All of lore.kernel.org
 help / color / mirror / Atom feed
From: Pavel Begunkov <asml.silence@gmail.com>
To: Hao Xu <haoxu@linux.alibaba.com>, Jens Axboe <axboe@kernel.dk>
Cc: io-uring@vger.kernel.org, Joseph Qi <joseph.qi@linux.alibaba.com>
Subject: Re: [PATCH 2/3] io_uring: maintain drain logic for multishot requests
Date: Wed, 7 Apr 2021 12:41:46 +0100	[thread overview]
Message-ID: <4d6f9688-4a8b-5fc6-f965-4903b5b82074@gmail.com> (raw)

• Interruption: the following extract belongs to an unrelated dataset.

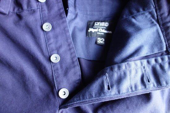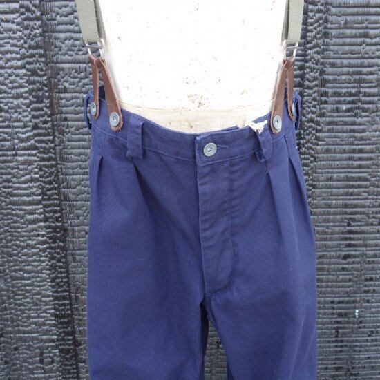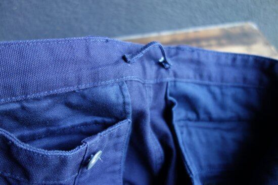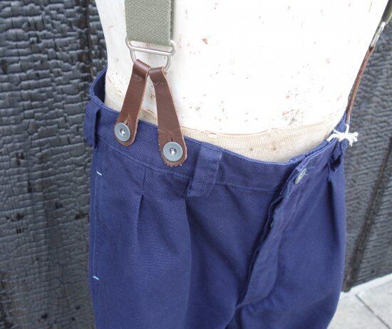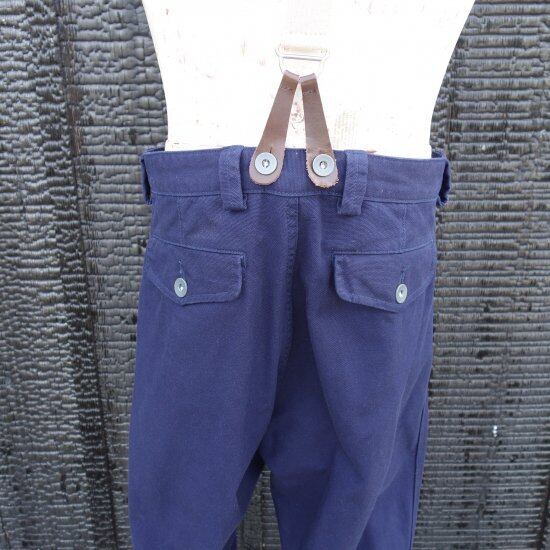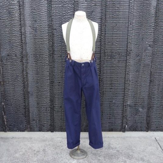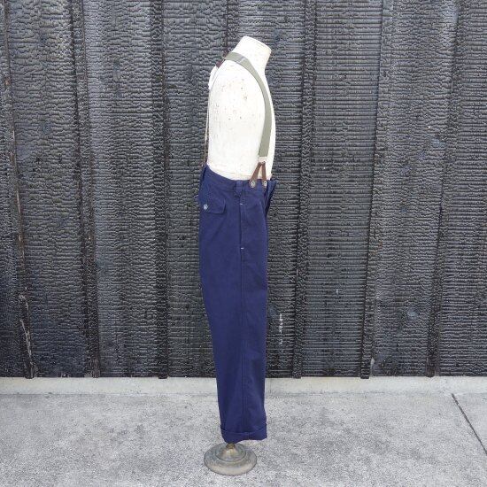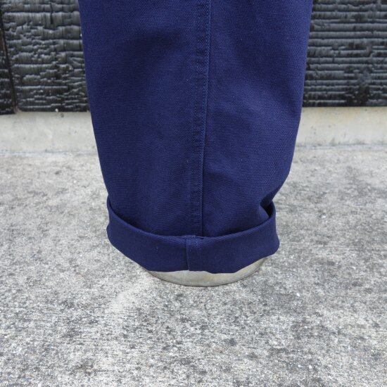 100% COTTON CANVAS の生地を使った 4 プリーツタイプのボタンフライ式チノパンツです。ポケットはフラップ付きのバックポケットを含む4 ポケットパンツです。股の部分にはマチが施され、初めからサスペンダーボタンがセットされているので、ストレスフリーで、クラシックな着こなしも楽しめる、育てがいのあるパンツと言えます。

In-Reply-To: <1617794605-35748-3-git-send-email-haoxu@linux.alibaba.com>

On 07/04/2021 12:23, Hao Xu wrote:
> Now that we have multishot poll requests, one sqe can emit multiple
> cqes. given below example:
>     sqe0(multishot poll)-->sqe1-->sqe2(drain req)
> sqe2 is designed to issue after sqe0 and sqe1 completed, but since sqe0
> is a multishot poll request, sqe2 may be issued after sqe0's event
> triggered twice before sqe1 completed. This isn't what users leverage
> drain requests for.
> Here a simple solution is to ignore all multishot poll cqes, which means
> drain requests won't wait those request to be done.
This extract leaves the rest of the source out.